Records follow. Print exactly the lines from the one that has "CJ Lion Жидкое" through the one that has "Body Piercing Saved", inclusive, and omit the pictures.

:: PROVIDED MATERIAL ::

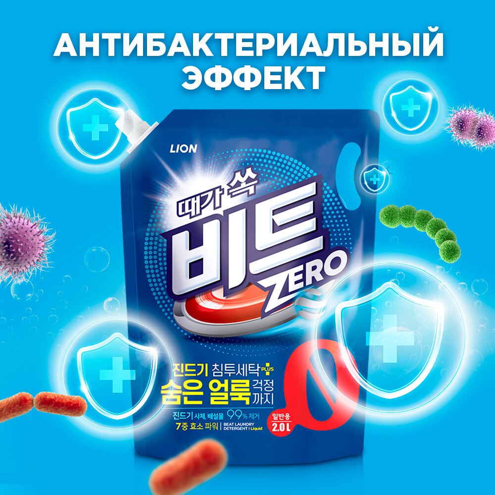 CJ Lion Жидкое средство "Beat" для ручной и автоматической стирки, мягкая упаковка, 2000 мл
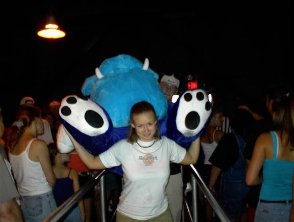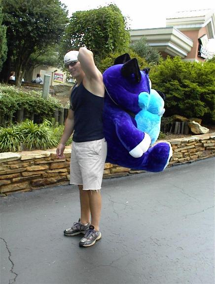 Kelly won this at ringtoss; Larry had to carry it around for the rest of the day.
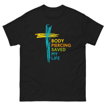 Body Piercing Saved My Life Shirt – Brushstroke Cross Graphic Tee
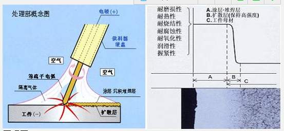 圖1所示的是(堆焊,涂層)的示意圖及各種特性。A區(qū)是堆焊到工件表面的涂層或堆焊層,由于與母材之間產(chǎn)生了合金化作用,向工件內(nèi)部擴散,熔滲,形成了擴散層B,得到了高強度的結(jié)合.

:::
:: PROVIDED MATERIAL ::

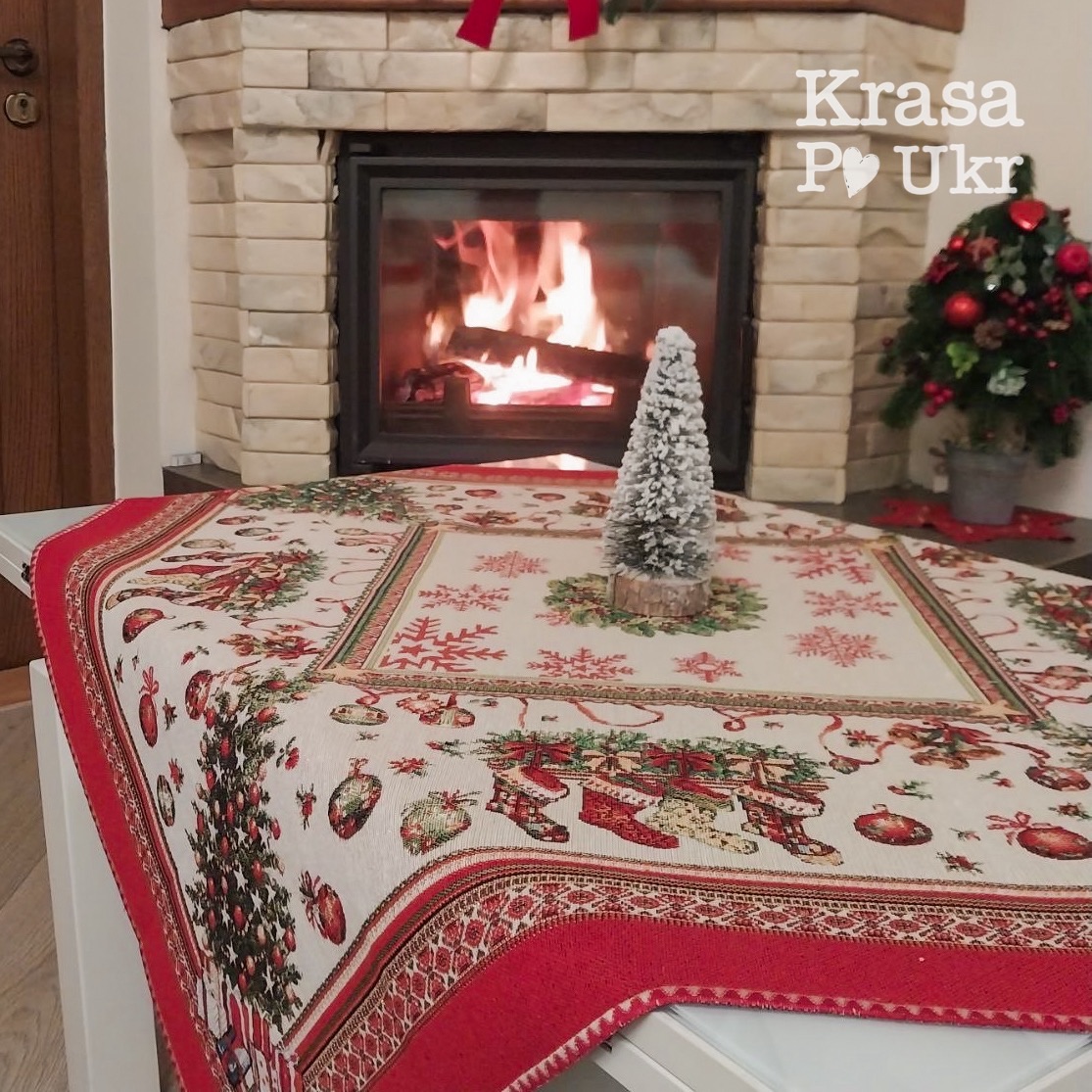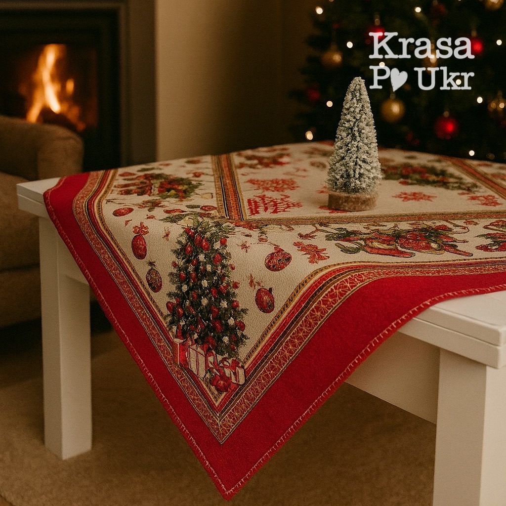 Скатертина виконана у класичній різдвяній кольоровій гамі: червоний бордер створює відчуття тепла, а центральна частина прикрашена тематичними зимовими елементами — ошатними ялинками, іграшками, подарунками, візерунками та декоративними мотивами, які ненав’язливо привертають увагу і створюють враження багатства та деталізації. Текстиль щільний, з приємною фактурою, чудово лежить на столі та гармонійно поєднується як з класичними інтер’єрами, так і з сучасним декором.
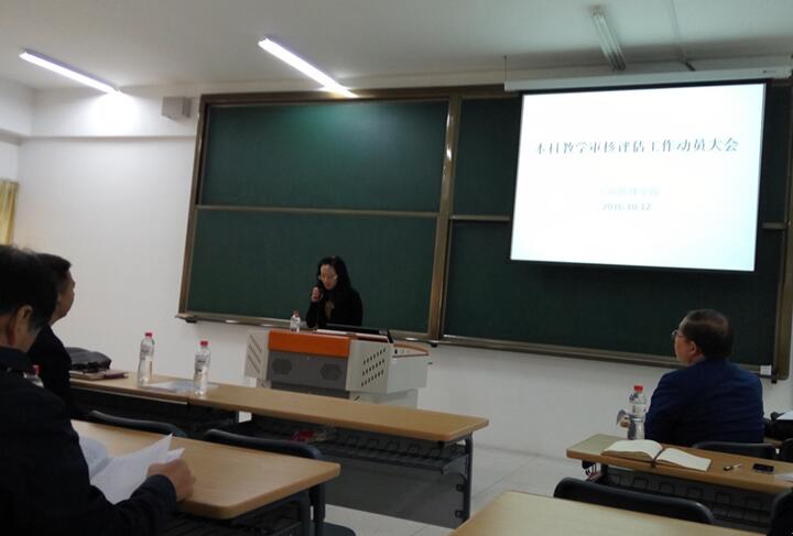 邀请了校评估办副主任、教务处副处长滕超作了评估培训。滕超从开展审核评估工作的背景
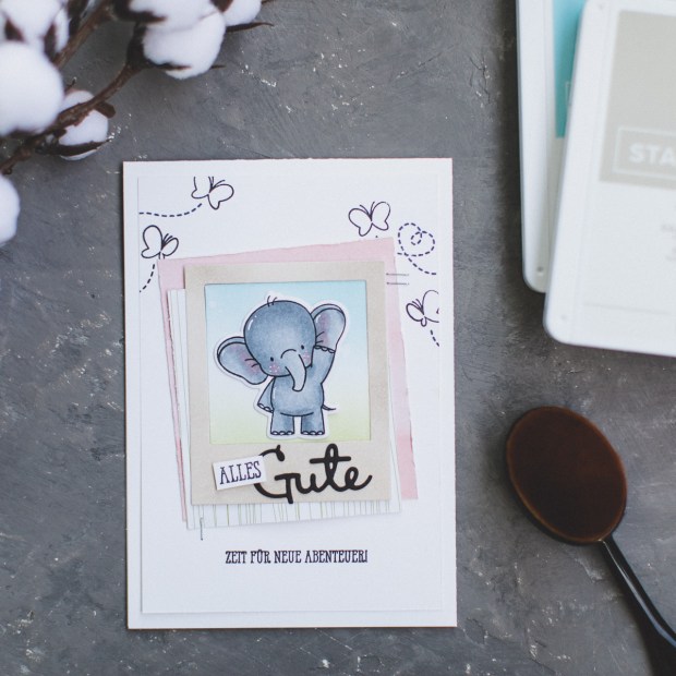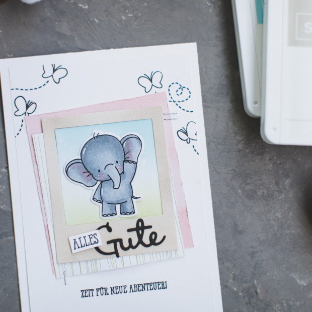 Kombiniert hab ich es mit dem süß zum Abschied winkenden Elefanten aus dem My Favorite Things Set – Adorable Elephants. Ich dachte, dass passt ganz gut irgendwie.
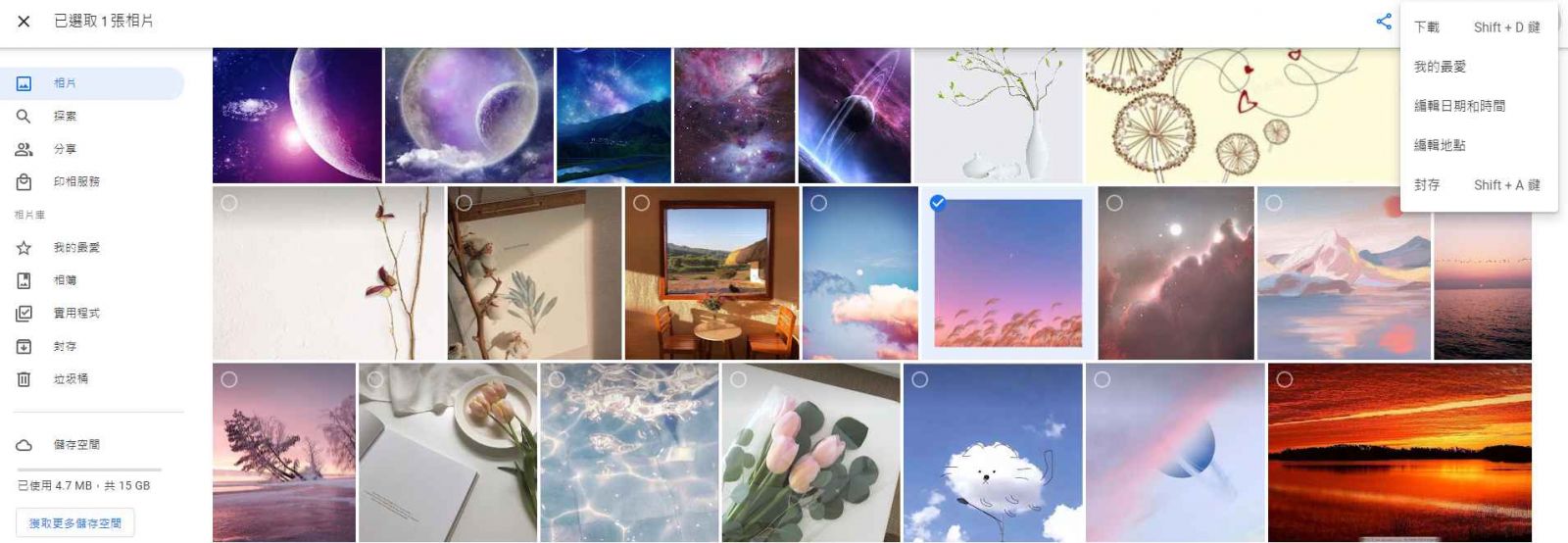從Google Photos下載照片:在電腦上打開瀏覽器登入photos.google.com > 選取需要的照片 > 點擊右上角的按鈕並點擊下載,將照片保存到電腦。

:::

**SOLUTION:**
 CJ Lion Жидкое средство "Beat" для ручной и автоматической стирки, мягкая упаковка, 2000 мл
 Kelly won this at ringtoss; Larry had to carry it around for the rest of the day.
 Body Piercing Saved My Life Shirt – Brushstroke Cross Graphic Tee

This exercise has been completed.